Moção ao congresso do CDS-PP:

Uma análise da base social de apoio e da própria militância do PS e do PSD permite concluir que estes estão decisivamente dependentes dessa enorme rede clientelar que se oporá sempre – compreensivelmente – às reformas tidas como necessárias: fá-lo-á internamente, nas opções estratégicas dos partidos, e externamente, em eleições

Espero que o facto de três subscritores da moção, um dos quais o principal subscritor, estarem empregados na CML não tenha a ver com essa rede clientelar.

Mas refira-se que o documento está bem redigido e com propostas (apesar de vagas) muito bem teorizadas.

A parte que mais me agradou do documento foi:

“…no que às outras prestações sociais diz respeito, é fundamental rever os critérios de elegibilidade.

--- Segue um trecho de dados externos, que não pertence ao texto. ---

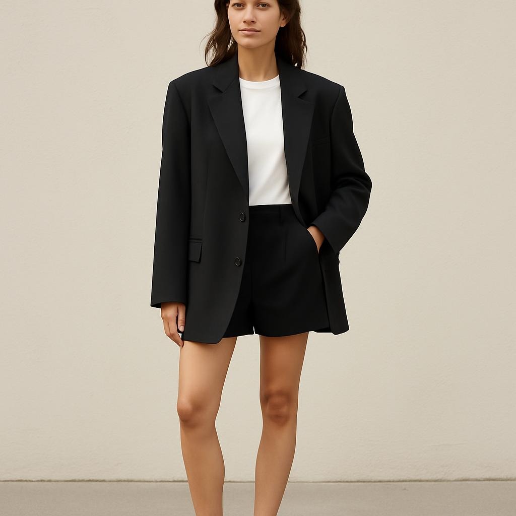 På arbejdet kan du style blazeren over en skjorte eller rullekrave og kombinere den med habitbukser eller en midi-nederdel. Loafers eller enkle hæle tilføjer professionalisme. Tricket er at holde farverne neutrale – beige, sort, navy eller grå – for at give et poleret udtryk.

Hoje, em Portugal, esses critérios são muito flexíveis, o que prejudica essencialmente quem mais precisa, na medida em que lhe caberá necessariamente uma parcela menor. Não podemos aceitar que o subsídio de desemprego seja atribuído a quem não quer trabalhar, sem distinguir os que se esforçam para encontrar emprego e os que o recusam sucessivamente. Não podemos também aceitar que uma prestação como o Rendimento Social de Inserção seja atribuída a jovens: não é crível que não existem outras alternativas para quem está na melhor idade para as ter. Um jovem que não tem condições de sustentabilidade tem de ser ajudado ao nível da formação sem nunca ser habituado a depender do Estado.”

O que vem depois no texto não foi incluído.